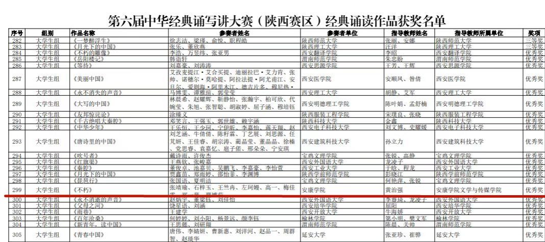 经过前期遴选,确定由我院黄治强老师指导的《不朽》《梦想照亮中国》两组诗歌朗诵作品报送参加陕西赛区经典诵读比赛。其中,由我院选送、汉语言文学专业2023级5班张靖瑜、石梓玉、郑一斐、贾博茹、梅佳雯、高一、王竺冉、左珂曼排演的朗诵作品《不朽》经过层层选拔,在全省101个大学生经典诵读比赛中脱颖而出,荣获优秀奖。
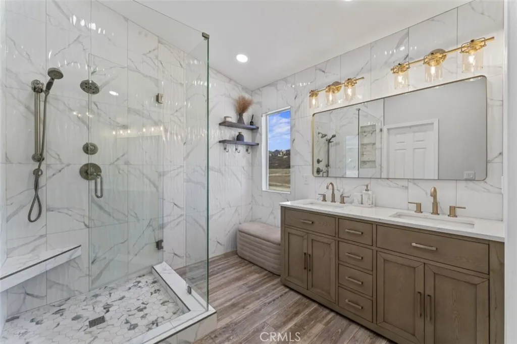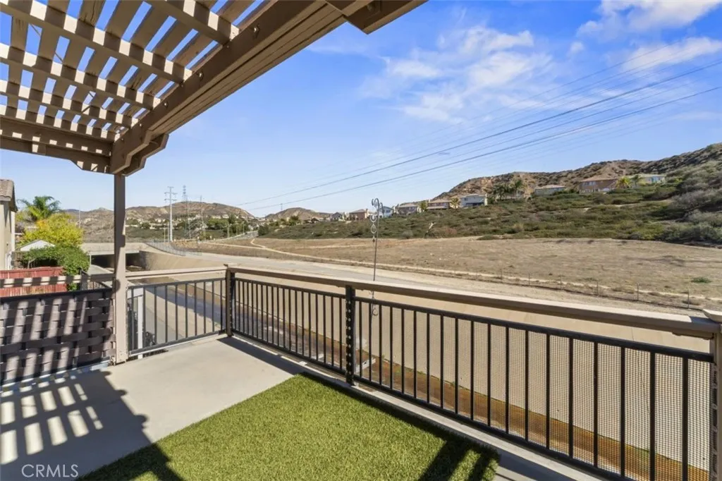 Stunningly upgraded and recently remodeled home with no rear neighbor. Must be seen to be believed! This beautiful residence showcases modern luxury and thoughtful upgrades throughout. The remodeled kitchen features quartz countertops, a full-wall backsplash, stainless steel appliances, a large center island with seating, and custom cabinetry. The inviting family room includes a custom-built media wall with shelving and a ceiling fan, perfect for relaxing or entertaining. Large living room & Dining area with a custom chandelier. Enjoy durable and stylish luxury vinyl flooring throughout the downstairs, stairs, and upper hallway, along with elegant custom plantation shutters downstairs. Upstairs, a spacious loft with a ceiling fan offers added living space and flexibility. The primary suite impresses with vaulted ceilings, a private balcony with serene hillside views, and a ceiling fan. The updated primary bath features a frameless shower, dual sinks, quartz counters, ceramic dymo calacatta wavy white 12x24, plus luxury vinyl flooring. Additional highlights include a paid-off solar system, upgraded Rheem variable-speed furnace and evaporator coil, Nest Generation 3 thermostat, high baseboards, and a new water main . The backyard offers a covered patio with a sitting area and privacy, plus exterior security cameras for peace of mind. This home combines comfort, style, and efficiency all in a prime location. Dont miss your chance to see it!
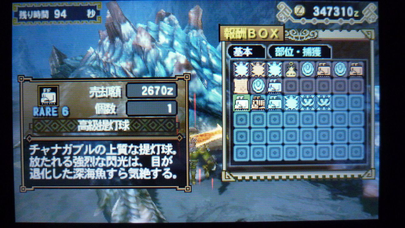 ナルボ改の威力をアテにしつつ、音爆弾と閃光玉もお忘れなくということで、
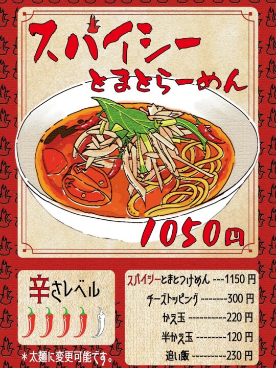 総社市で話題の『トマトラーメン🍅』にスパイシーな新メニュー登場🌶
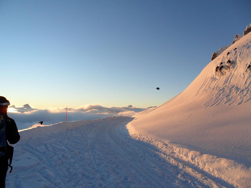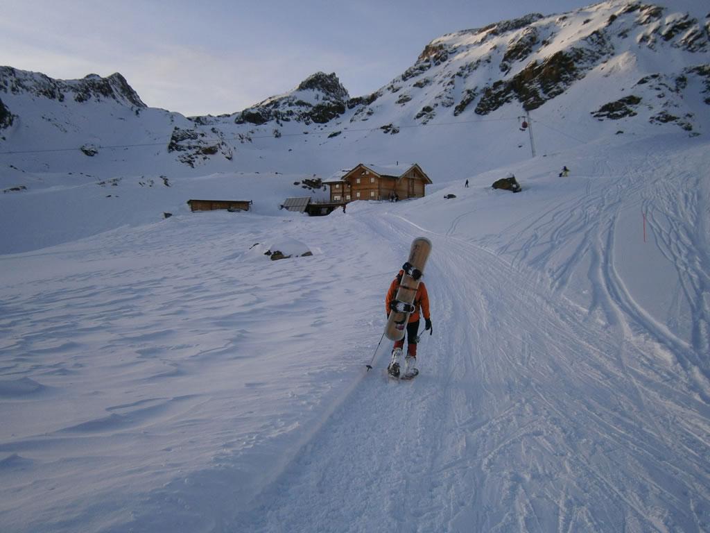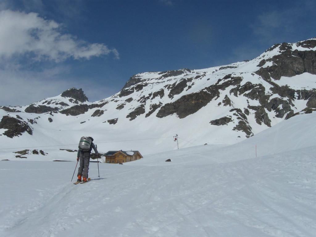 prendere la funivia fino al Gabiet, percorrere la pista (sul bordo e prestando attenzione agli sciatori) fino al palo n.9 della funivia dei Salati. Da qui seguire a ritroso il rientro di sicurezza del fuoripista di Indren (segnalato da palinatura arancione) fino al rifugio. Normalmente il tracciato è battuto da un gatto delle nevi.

Exercise:
Write out the whole listing verbatim, images excluded.

Reply:
 经过前期遴选,确定由我院黄治强老师指导的《不朽》《梦想照亮中国》两组诗歌朗诵作品报送参加陕西赛区经典诵读比赛。其中,由我院选送、汉语言文学专业2023级5班张靖瑜、石梓玉、郑一斐、贾博茹、梅佳雯、高一、王竺冉、左珂曼排演的朗诵作品《不朽》经过层层选拔,在全省101个大学生经典诵读比赛中脱颖而出,荣获优秀奖。
 Stunningly upgraded and recently remodeled home with no rear neighbor. Must be seen to be believed! This beautiful residence showcases modern luxury and thoughtful upgrades throughout. The remodeled kitchen features quartz countertops, a full-wall backsplash, stainless steel appliances, a large center island with seating, and custom cabinetry. The inviting family room includes a custom-built media wall with shelving and a ceiling fan, perfect for relaxing or entertaining. Large living room & Dining area with a custom chandelier. Enjoy durable and stylish luxury vinyl flooring throughout the downstairs, stairs, and upper hallway, along with elegant custom plantation shutters downstairs. Upstairs, a spacious loft with a ceiling fan offers added living space and flexibility. The primary suite impresses with vaulted ceilings, a private balcony with serene hillside views, and a ceiling fan. The updated primary bath features a frameless shower, dual sinks, quartz counters, ceramic dymo calacatta wavy white 12x24, plus luxury vinyl flooring. Additional highlights include a paid-off solar system, upgraded Rheem variable-speed furnace and evaporator coil, Nest Generation 3 thermostat, high baseboards, and a new water main . The backyard offers a covered patio with a sitting area and privacy, plus exterior security cameras for peace of mind. This home combines comfort, style, and efficiency all in a prime location. Dont miss your chance to see it!
 ナルボ改の威力をアテにしつつ、音爆弾と閃光玉もお忘れなくということで、
 総社市で話題の『トマトラーメン🍅』にスパイシーな新メニュー登場🌶
 prendere la funivia fino al Gabiet, percorrere la pista (sul bordo e prestando attenzione agli sciatori) fino al palo n.9 della funivia dei Salati. Da qui seguire a ritroso il rientro di sicurezza del fuoripista di Indren (segnalato da palinatura arancione) fino al rifugio. Normalmente il tracciato è battuto da un gatto delle nevi.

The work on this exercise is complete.